=== Material provided ===
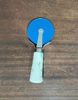 Rotella tagliapizza con manico decorato. L'utensile è dotato di una ruota in metallo con copertura protettiva in plastica blu. Il manico è in ceramica o materiale simile, di colore bianco avorio con decorazioni floreali/a foglie verdi. Dimensioni: L'altezza è di circa 165 mm (16,5 cm).
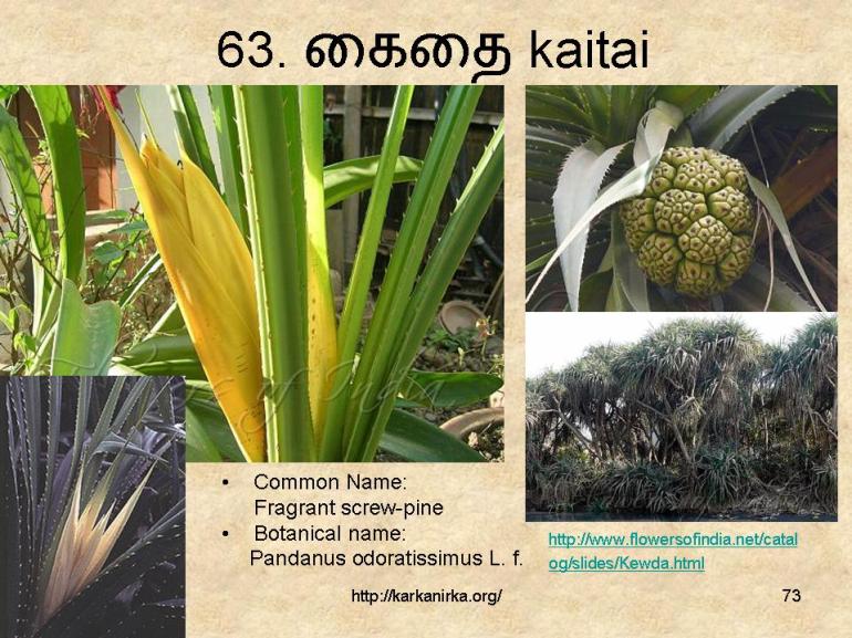 Flower No.63 Kaithai – The picture shown is of Thalampoo commonly known in Tamil Nadu. The petal are with much good smell. Ordinarily it it is used to adorn pigtails of ladies. This flower is forbidden to god-worship. There is a story about it. Once, between Lord Vishnu and Bramma a quarrel arise and to settle it they approached Lord Eswar and He stood gigantic and asked them to reach his feet and crown. Vishnu took Varaha shape (Pig) and dig towards feet and Bramma took bird shape and flew towards crown (head). As Bramma cannot reach the head, he asked the thalampoo which was falling from the head, to lie that Bramma reached the head and they both are on return journey to earch. As the Thalampoo has given false witness, Lord Eswar forbided it and ordered not to use it for worship or pooja. And such a depiction can be seen every Sivan temple at the back side of the Sanctum Sanctorium and the sculpture is called as LINGOTHBAVAR. This is for information of readers.
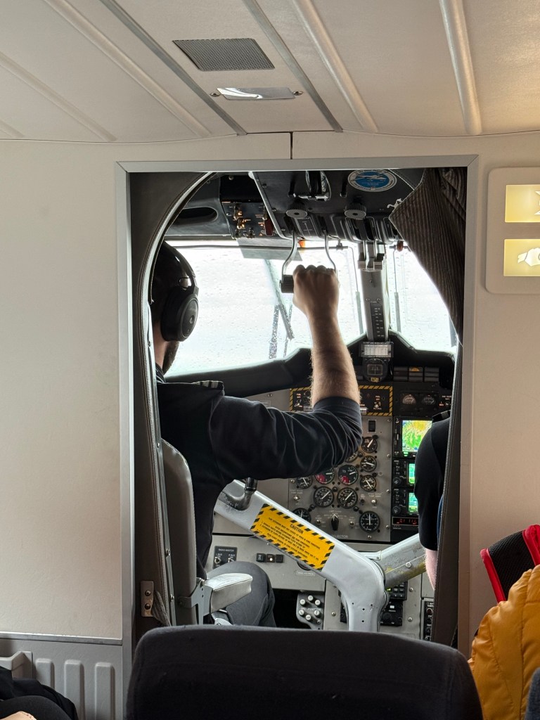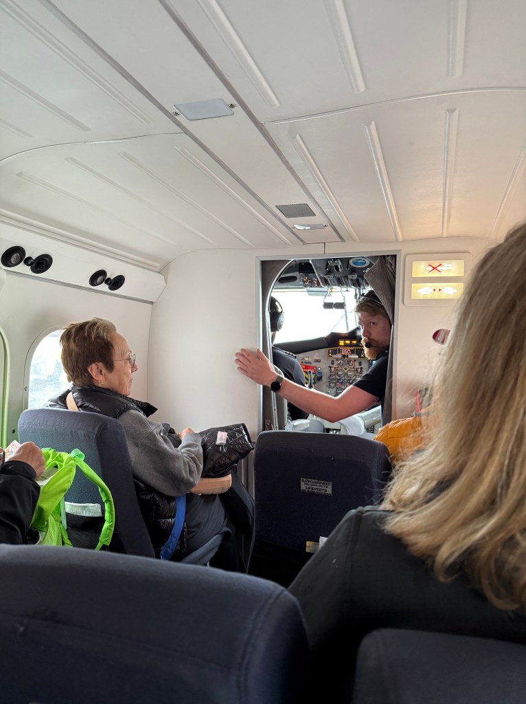 Der Flughafen von Akureyri ist winzig klein. Das Flugzeug ist noch kleiner mit Platz für nur 19 Passagiere. Die beiden Piloten kümmern sich gleichermaßen um das Steuern des Flugzeuges wie um die Sicherheitseinweisungen und um Informationen zur Reise selbst. (Dazu dreht sich der Copilot einfach einmal fix zu den Passagieren um und erzählt die wichtigsten Punkte.) Getränke werden aus irgendeinem Grund auf dem Flug keine gereicht. 😉

=== How to complete this task ===
Everything in the material except the pictures should be output verbatim.

=== Answer for this exercise ===
 Rotella tagliapizza con manico decorato. L'utensile è dotato di una ruota in metallo con copertura protettiva in plastica blu. Il manico è in ceramica o materiale simile, di colore bianco avorio con decorazioni floreali/a foglie verdi. Dimensioni: L'altezza è di circa 165 mm (16,5 cm).
 Flower No.63 Kaithai – The picture shown is of Thalampoo commonly known in Tamil Nadu. The petal are with much good smell. Ordinarily it it is used to adorn pigtails of ladies. This flower is forbidden to god-worship. There is a story about it. Once, between Lord Vishnu and Bramma a quarrel arise and to settle it they approached Lord Eswar and He stood gigantic and asked them to reach his feet and crown. Vishnu took Varaha shape (Pig) and dig towards feet and Bramma took bird shape and flew towards crown (head). As Bramma cannot reach the head, he asked the thalampoo which was falling from the head, to lie that Bramma reached the head and they both are on return journey to earch. As the Thalampoo has given false witness, Lord Eswar forbided it and ordered not to use it for worship or pooja. And such a depiction can be seen every Sivan temple at the back side of the Sanctum Sanctorium and the sculpture is called as LINGOTHBAVAR. This is for information of readers.
 Der Flughafen von Akureyri ist winzig klein. Das Flugzeug ist noch kleiner mit Platz für nur 19 Passagiere. Die beiden Piloten kümmern sich gleichermaßen um das Steuern des Flugzeuges wie um die Sicherheitseinweisungen und um Informationen zur Reise selbst. (Dazu dreht sich der Copilot einfach einmal fix zu den Passagieren um und erzählt die wichtigsten Punkte.) Getränke werden aus irgendeinem Grund auf dem Flug keine gereicht. 😉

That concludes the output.